**Task to complete**
You are asked to reproduce the listing exactly and to omit its pictures.

**Provided data**

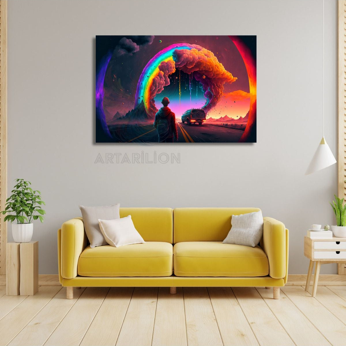 Neon Renkler ve Karadelik Görseli Kanvas Tablo Yeni Ev Hediyesi Salon Tablosu
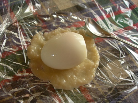 次はゆでたまごをラップに薄く敷いた塩麹の上に乗せて・・・
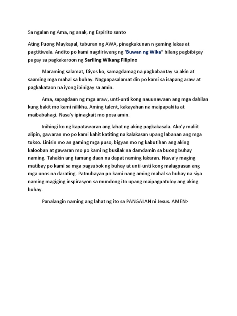 Kayo po ang gumagabay sa lahat ng pananaliksik para sa kaunlaran ng Iyong bayan. PANALANGIN PARA SA BUWAN NG WIKA Tayo po ay yumuko at damahin natin ang presensiya ng Panginoon sa ating mga puso. Ang panalangin apo hiking society was also song in Buwan ng Wika at.
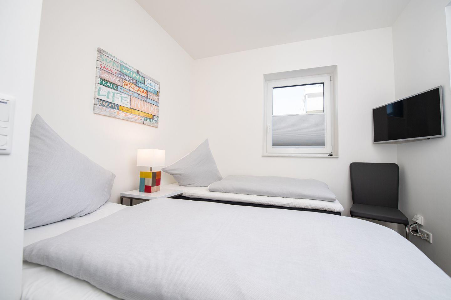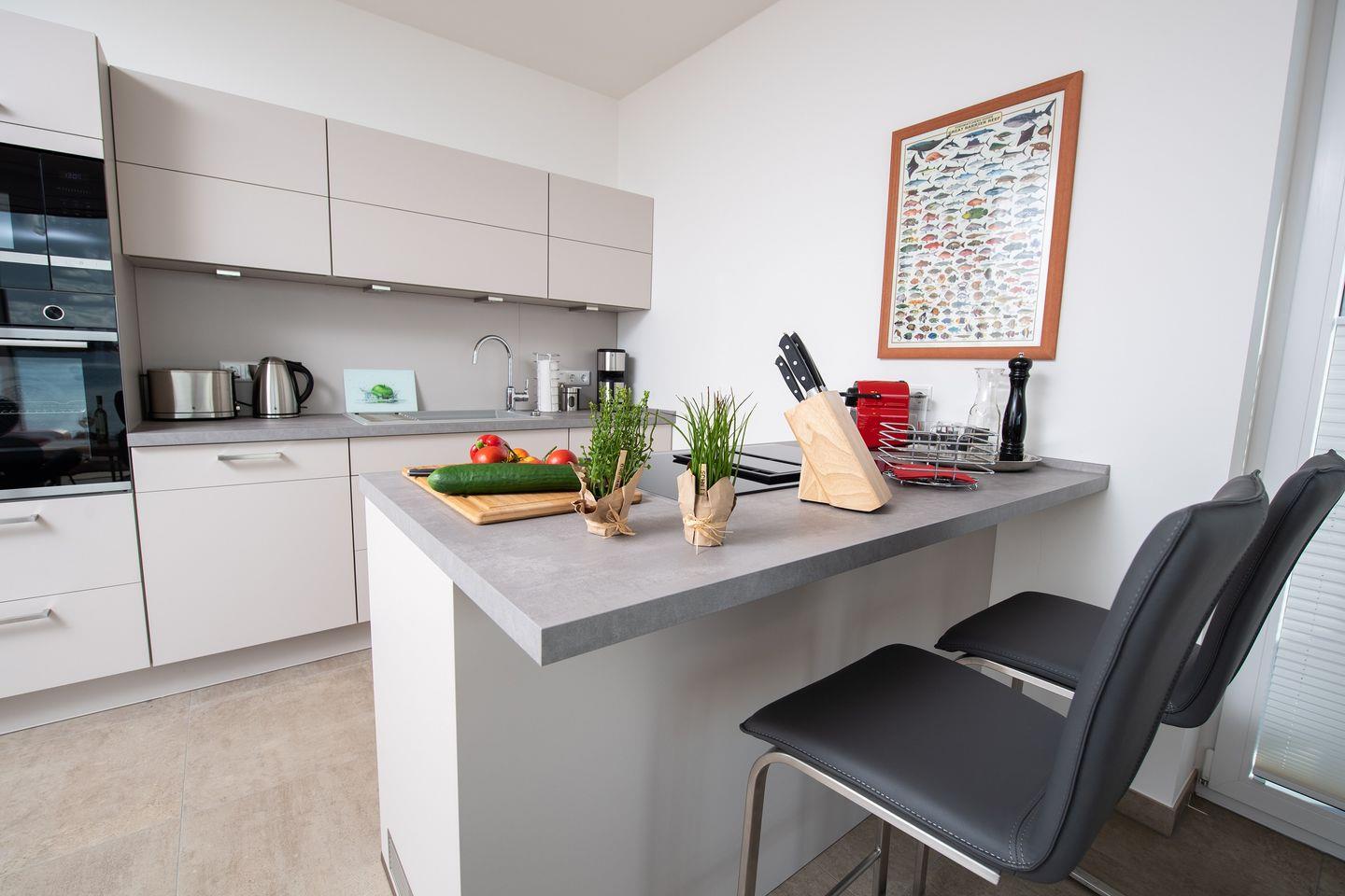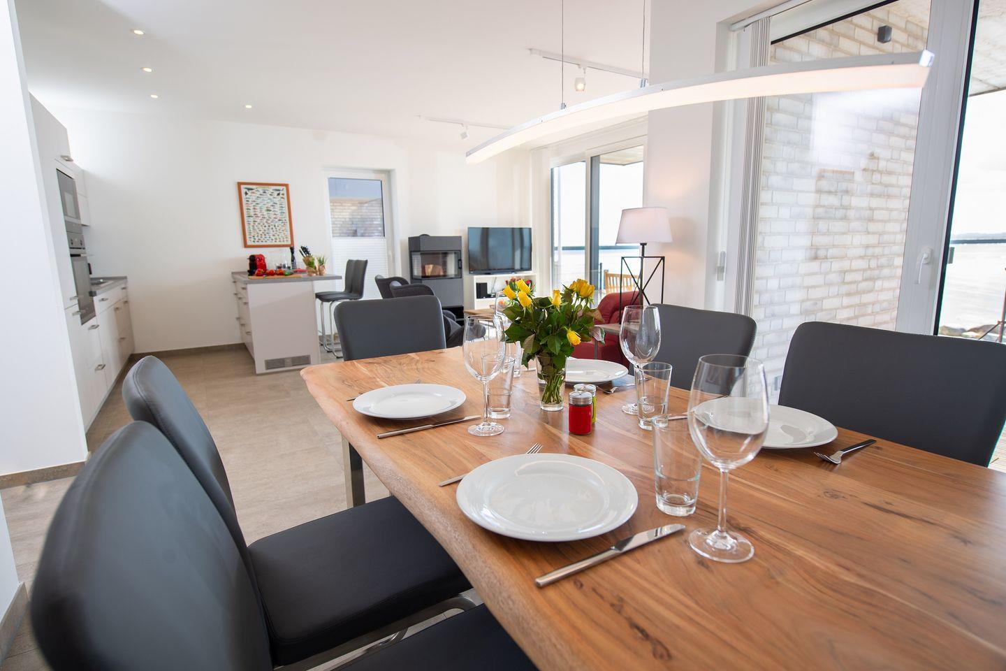 Entdecken Sie die Ferienwohnung "Dock 76 Main" für eine unvergessliche Auszeit. Diese gemütliche und moderne Ferienwohnung erstreckt sich über 86m² und bietet Platz für bis zu vier Gäste. Mit zwei geschmackvoll eingerichteten Schlafzimmern, die sowohl für Paare als auch für Familien ideal sind, können Sie entspannt die Zeit miteinander genießen. Die Wohnung befindet sich im Parterre und besticht durch ihren offenen Wohnbereich, der mit einer voll ausgestatteten Küche, einem komfortablen Essbereich und einem einladenden Wohnzimmer ausgestattet ist. Hier können Sie nach einem erlebnisreichen Tag am Strand bei einem gemeinsamen Abendessen oder einem Filmabend auf einem der drei Flachbild-TVs entspannen. Für gesellige Abende steht Ihnen ein Kaminofen zur Verfügung, der für eine gemütliche Atmosphäre sorgt. Ein Highlight der Ferienwohnung ist die großzügige, überdachte Terrasse, auf der Sie beim Frühstück im Freien den Blick auf die Ostsee genießen können. Die Terrasse ist mit Gartenmöbeln und Sonnenliegen ausgestattet, ideal für entspannte Stunden im Freien. Der direkt angrenzende Garten lädt zum Verweilen, Spielen oder Grillen ein – ein Elektrogrill steht Ihnen zur Verfügung, um unter freiem Himmel kulinarische Köstlichkeiten zuzubereiten. Nur 50 Meter entfernt liegt der schimmernde Sandstrand, der zum Schwimmen und Sonnenbaden einlädt. Die unmittelbare Nähe zum Wasser eignet sich hervorragend für romantische Spaziergänge am Strand. Die Ferienwohnung "Dock 76 Main" ist kinderfreundlich ausgestattet mit einem Hochstuhl sowie einem Babybett, sodass sich auch die kleinen Gäste wohlfühlen werden. Damit es Ihnen während Ihres Aufenthalts an nichts fehlt, stehen eine Waschmaschine, sowie eine voll ausgestattete Küche mit modernen Geräten, inklusive einer Spülmaschine und einer Nespresso-Maschine für Sie bereit. Ein Parkplatz mit einer E-Ladestation befindet sich vor der Unterkunft.

**Problem solution**
 Neon Renkler ve Karadelik Görseli Kanvas Tablo Yeni Ev Hediyesi Salon Tablosu
 次はゆでたまごをラップに薄く敷いた塩麹の上に乗せて・・・
 Kayo po ang gumagabay sa lahat ng pananaliksik para sa kaunlaran ng Iyong bayan. PANALANGIN PARA SA BUWAN NG WIKA Tayo po ay yumuko at damahin natin ang presensiya ng Panginoon sa ating mga puso. Ang panalangin apo hiking society was also song in Buwan ng Wika at.
 Entdecken Sie die Ferienwohnung "Dock 76 Main" für eine unvergessliche Auszeit. Diese gemütliche und moderne Ferienwohnung erstreckt sich über 86m² und bietet Platz für bis zu vier Gäste. Mit zwei geschmackvoll eingerichteten Schlafzimmern, die sowohl für Paare als auch für Familien ideal sind, können Sie entspannt die Zeit miteinander genießen. Die Wohnung befindet sich im Parterre und besticht durch ihren offenen Wohnbereich, der mit einer voll ausgestatteten Küche, einem komfortablen Essbereich und einem einladenden Wohnzimmer ausgestattet ist. Hier können Sie nach einem erlebnisreichen Tag am Strand bei einem gemeinsamen Abendessen oder einem Filmabend auf einem der drei Flachbild-TVs entspannen. Für gesellige Abende steht Ihnen ein Kaminofen zur Verfügung, der für eine gemütliche Atmosphäre sorgt. Ein Highlight der Ferienwohnung ist die großzügige, überdachte Terrasse, auf der Sie beim Frühstück im Freien den Blick auf die Ostsee genießen können. Die Terrasse ist mit Gartenmöbeln und Sonnenliegen ausgestattet, ideal für entspannte Stunden im Freien. Der direkt angrenzende Garten lädt zum Verweilen, Spielen oder Grillen ein – ein Elektrogrill steht Ihnen zur Verfügung, um unter freiem Himmel kulinarische Köstlichkeiten zuzubereiten. Nur 50 Meter entfernt liegt der schimmernde Sandstrand, der zum Schwimmen und Sonnenbaden einlädt. Die unmittelbare Nähe zum Wasser eignet sich hervorragend für romantische Spaziergänge am Strand. Die Ferienwohnung "Dock 76 Main" ist kinderfreundlich ausgestattet mit einem Hochstuhl sowie einem Babybett, sodass sich auch die kleinen Gäste wohlfühlen werden. Damit es Ihnen während Ihres Aufenthalts an nichts fehlt, stehen eine Waschmaschine, sowie eine voll ausgestattete Küche mit modernen Geräten, inklusive einer Spülmaschine und einer Nespresso-Maschine für Sie bereit. Ein Parkplatz mit einer E-Ladestation befindet sich vor der Unterkunft.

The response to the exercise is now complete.